• [Task inputs]:
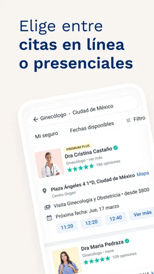 * Acceso a miles de profesionales de la salud. Ginecólogos, nutriólogos, dentistas, cardiólogos, traumatólogos, oftalmólogos, psicólogos, dermatólogos, pediatras, fisioterapeutas, médicos de familia y muchas otras especialidades.
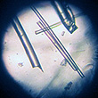 Такие сравнения в корне неверны, поскольку не только сами материалы, но и процессы их производства принципиально различаются. Следуя народной мудрости, мы решили наглядно продемонстрировать вам кардинальное различие между стеклотканевыми обоями и стекловатой, используя современную оптическую технику — профессиональный микроскоп. Для исследования нами были отобраны 5 образцов стекловаты различных производителей и 4 образца стеклонити от стеклотканевых обоев Wellton производства Швеции и Китая (по две нити утка и основы). Исследование образцов проводилось в лабораторных условиях при увеличении Х200. Даже при таком относительно небольшом увеличении все отличия этих материалов настолько явно видны, что при просмотре изображений не требуется комментариев.
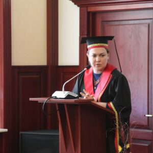 Під час урочистої частини засідання низка науково-педагогічних працівників отримали відзнаки за їхні наукові та освітні досягнення, президент Ксенія Семенова урочисто вручила атестат доцента та дипломи докторів філософії:
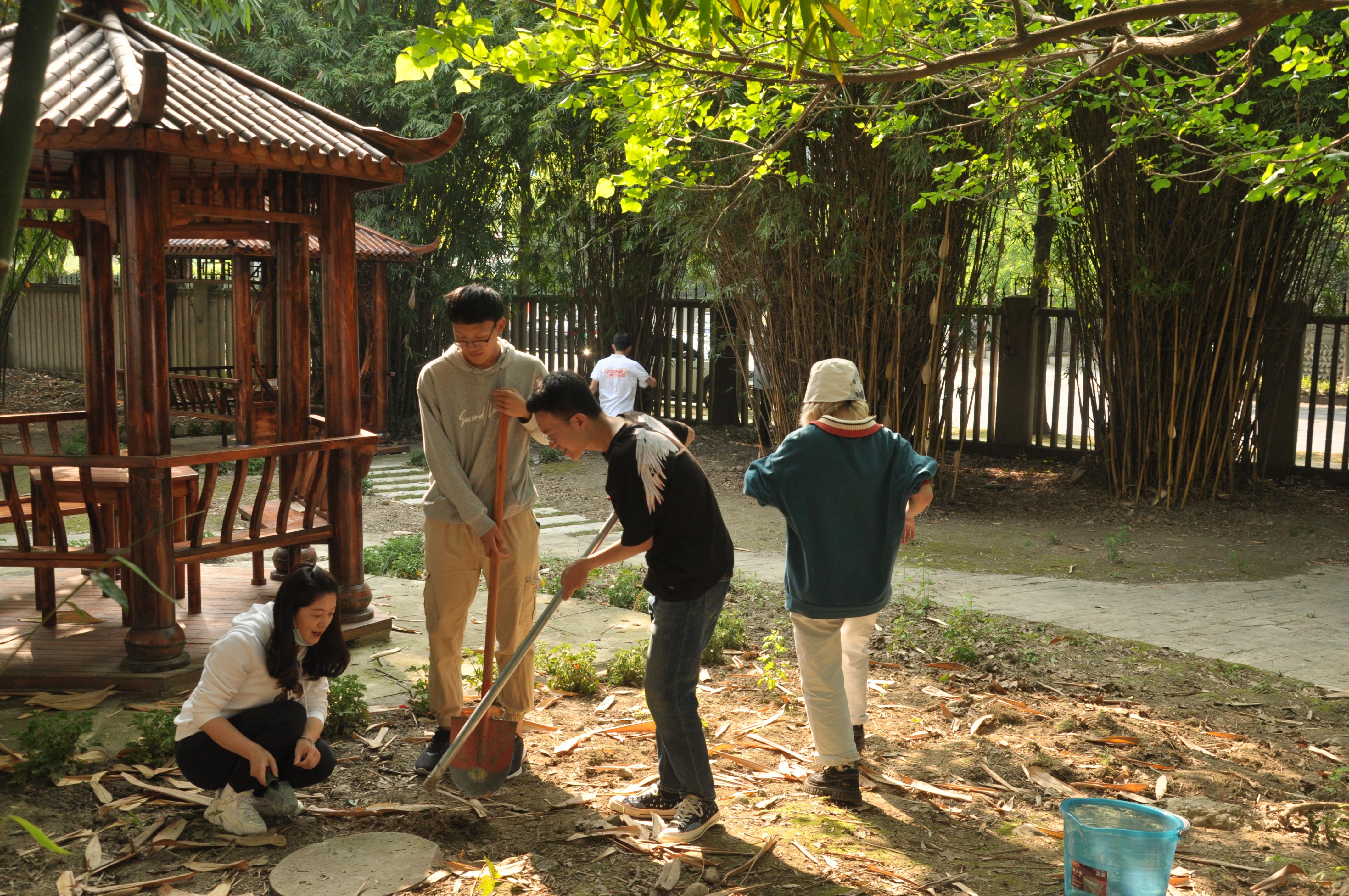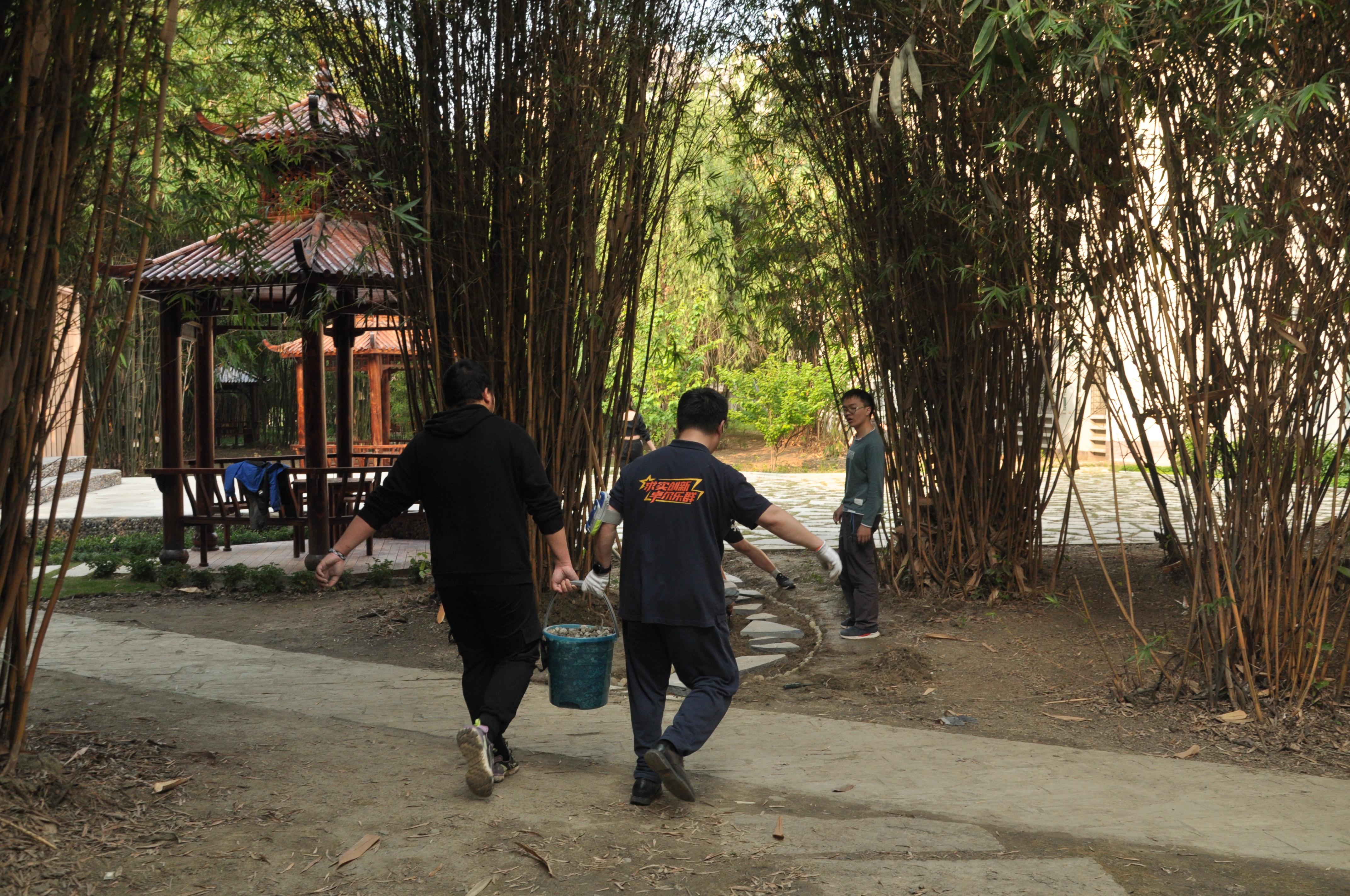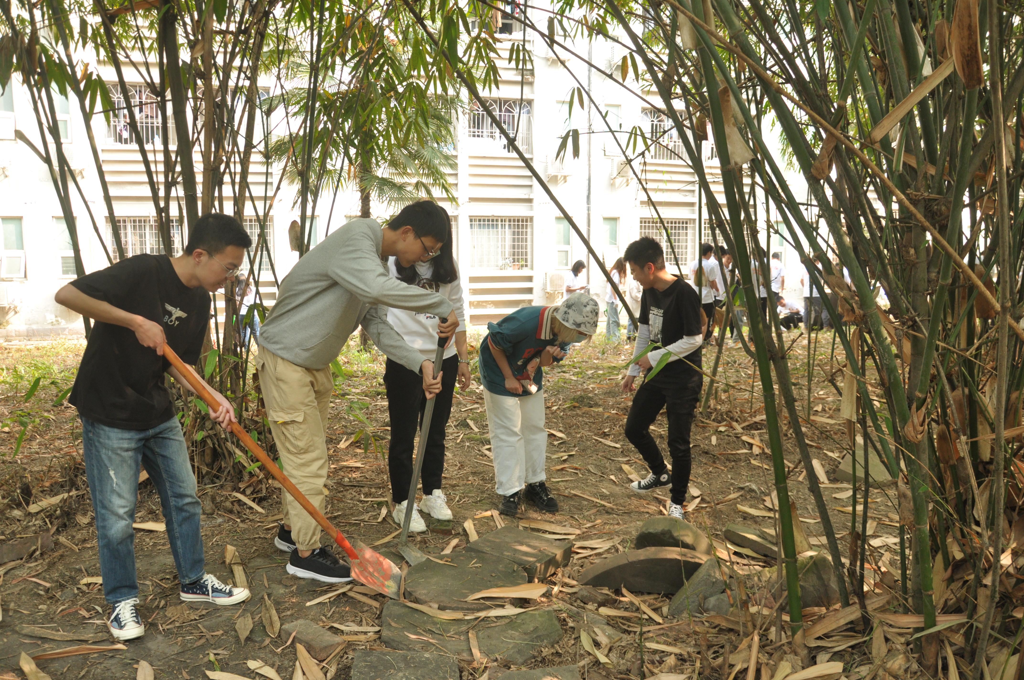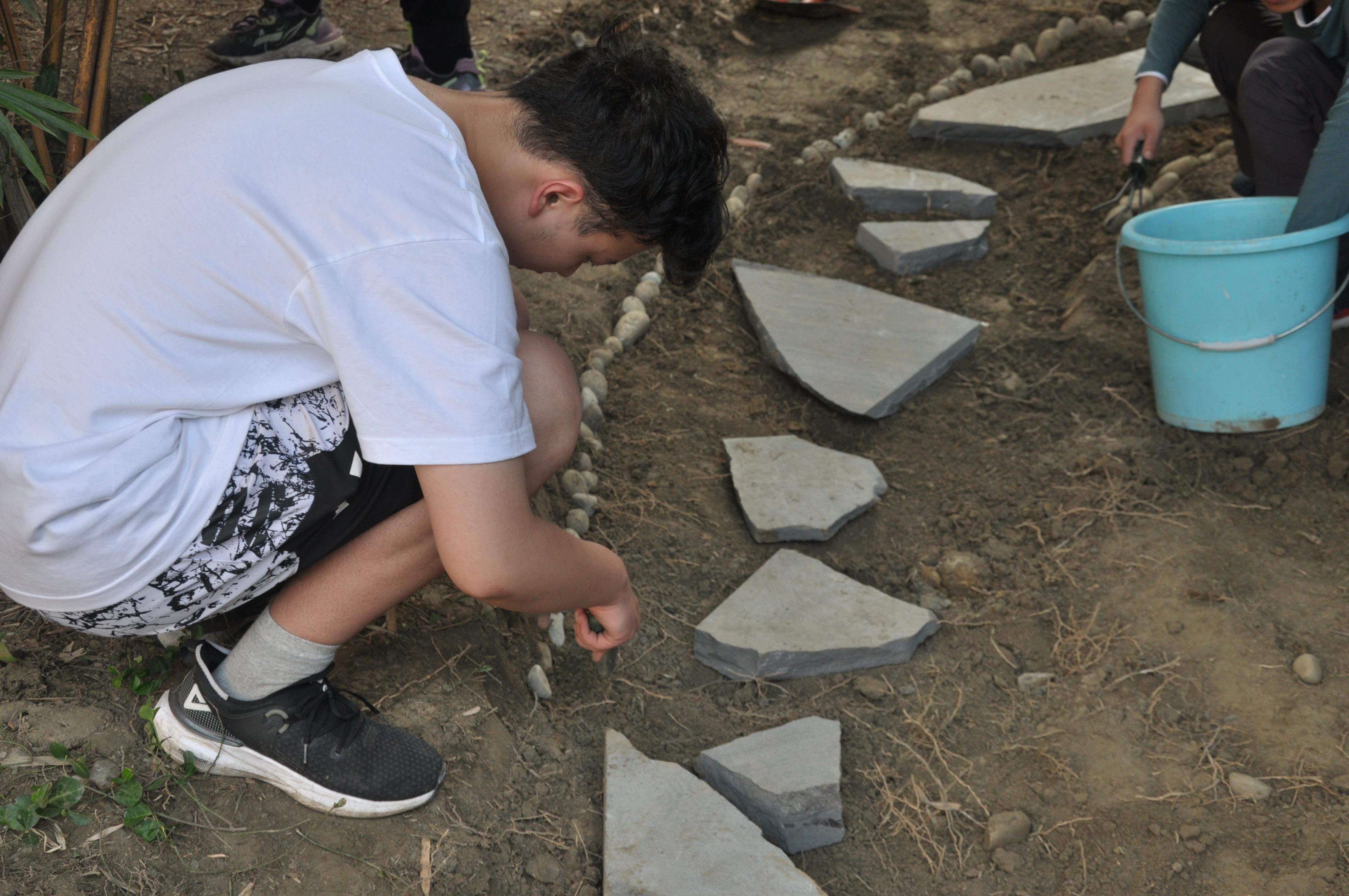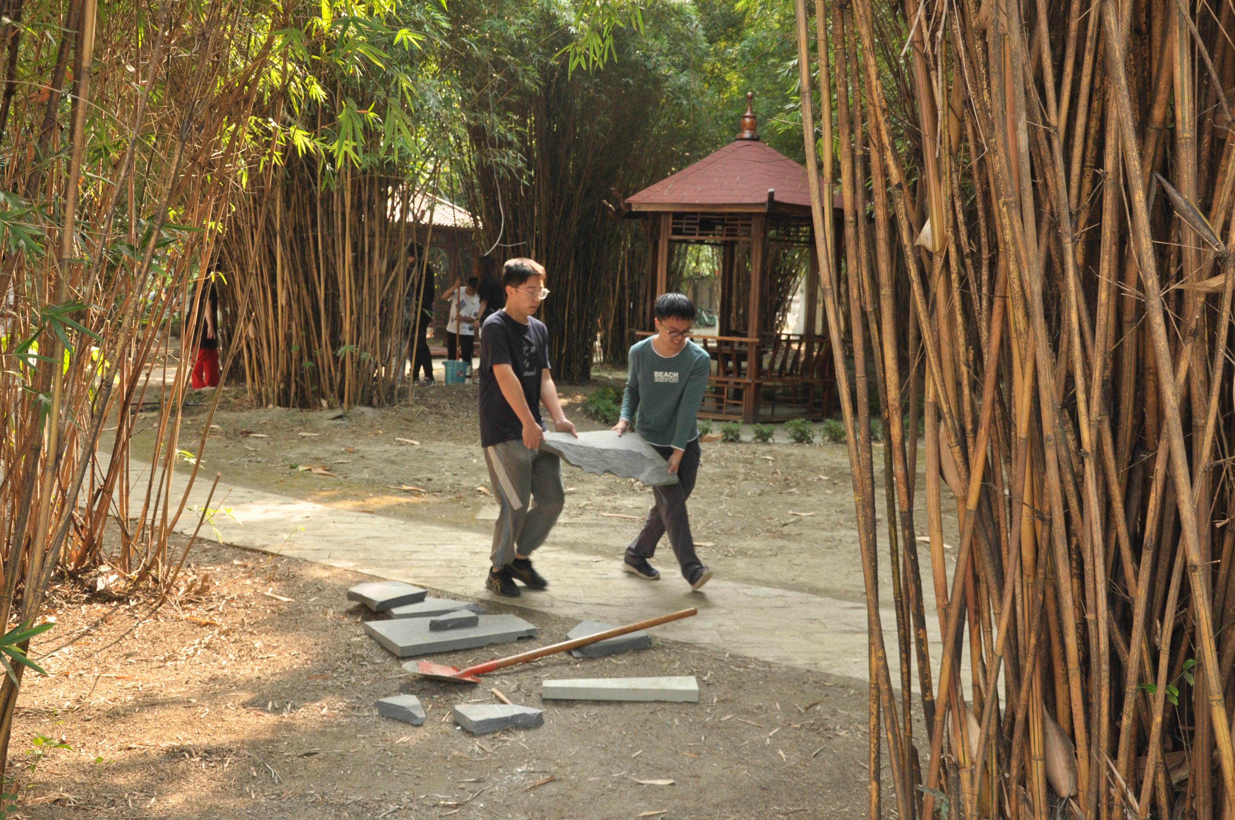 由于每个小组铺设小径各有不同,所需解决的问题也不同,同学们身体力行,集思广益,积极完善本组的小径铺设方案,就地取材,利用书院周边的建筑边角料来铺设小径。有同学负责挖掘小路雏形、有同学负责捡拾鹅卵石、有同学负责清理青苔、有同学负责搬石板……大家合理安排,分工合作,忙得不亦乐乎、乐在其中,材料收集和路径开凿同步进行,大大缩短了铺设所需时间。随着时间的推移,小径初具雏形,尽显同学们的审美力和创造力。
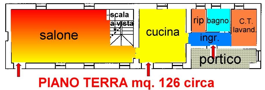 IL PIANO TERRA ha una superficie di mq. 126 e dispone di tre ingressi indipendenti, è composto da: cucina, ampio salone con caminetto, bagno, lavanderia/C.T. e portico;

• [About this exercise]: What you give back must be exactly the lines of the listing above from the line containing "Під час урочистої" through its last line, inclusive, without pictures, please.

• [Reply]:
 Під час урочистої частини засідання низка науково-педагогічних працівників отримали відзнаки за їхні наукові та освітні досягнення, президент Ксенія Семенова урочисто вручила атестат доцента та дипломи докторів філософії:
 由于每个小组铺设小径各有不同,所需解决的问题也不同,同学们身体力行,集思广益,积极完善本组的小径铺设方案,就地取材,利用书院周边的建筑边角料来铺设小径。有同学负责挖掘小路雏形、有同学负责捡拾鹅卵石、有同学负责清理青苔、有同学负责搬石板……大家合理安排,分工合作,忙得不亦乐乎、乐在其中,材料收集和路径开凿同步进行,大大缩短了铺设所需时间。随着时间的推移,小径初具雏形,尽显同学们的审美力和创造力。
 IL PIANO TERRA ha una superficie di mq. 126 e dispone di tre ingressi indipendenti, è composto da: cucina, ampio salone con caminetto, bagno, lavanderia/C.T. e portico;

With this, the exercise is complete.